20世紀から21世紀への変わり目に、日本社会は、なぜかくも狂言師・野村万之丞を必要としたのだろうか。写真集『萬歳樂』をめくるたびにこんな感慨が湧いてくる。1998年長野パラリンピッックの閉会式演出を前哨戦として、2001年に「真伎楽」および「マスクロードプロジェクト」をスタートさせて以降、アテネ五輪の聖火歓迎楽劇に至る万之丞の活躍には目を瞠るものがある。
東大寺・正倉院に遺された伎楽面を手がかりに23面を復元して平安初期に途絶えた伎楽を復元する「真伎楽」公演には韓国、北朝鮮、米国へと広がり、「萬狂言」は欧米数都市で上演された。さらには「怪談狂言」「女狂言」「復元・阿国歌舞伎」といった新ジャンル開拓が本年6月10日の死の直前まで続けられたのである。

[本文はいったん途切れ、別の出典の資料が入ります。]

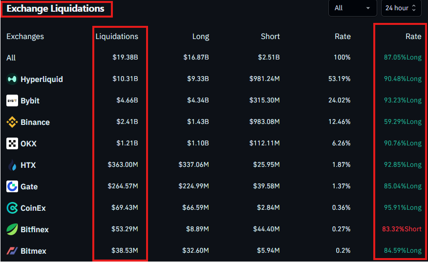 Over $19 BILLION worth of leveraged crypto positions were liquidated in 24 hours, 9 TIMES the previous record.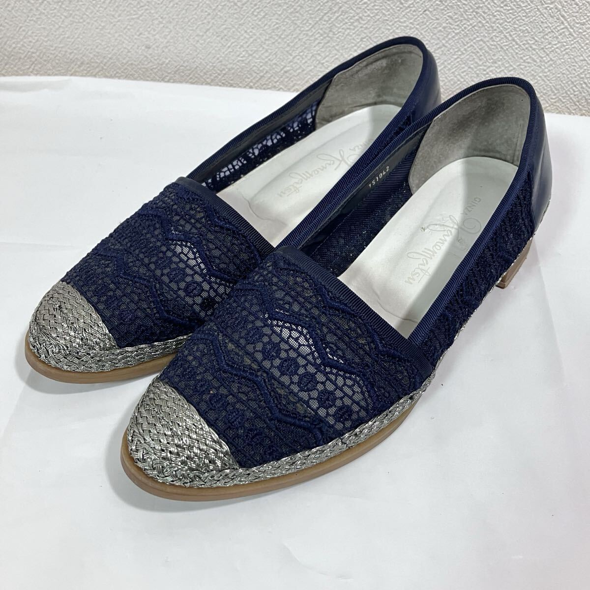 > 美品◎GINZA Kanematsu 銀座かねまつ メッシュ レース フラットシューズ パンプス ローヒール ネイビー 23.5cm シースルー

伊藤美露が万之丞を撮り始めたのは米国在住時の2002年の「真伎楽」ワシントン公演から。「大きくゆっくり遠くを見る」を家訓とする野村家の八世野村万蔵を襲名すべく咲いて散ったこの客人(マレビト)最晩年の躍動を、そのデジタル写真は見事なまでに写し取っている。
巻末の「野村万之丞を語る」には、中曽根康弘氏(日韓協力委員会会長)をはじめとして各界から66人が文章を寄せているが、いずれも万之丞芸術への期待と哀惜とがにじむ。その理由は万之丞自身の言葉に明らかだ。「21世紀はアジアの時代といわれる。真伎楽はアジアとは何かを伝え、文化交流だけではなく、文化共有の時代の到来を告げるのである」(『マスクロードー幻の伎楽再現の旅』)。
日本を発し、シルクロードを経由して西方へと伝搬する文んか共有ことが、野村万之丞、伊藤美露、そしてこの写真集に関わったすべての人々の願いなのだと思う。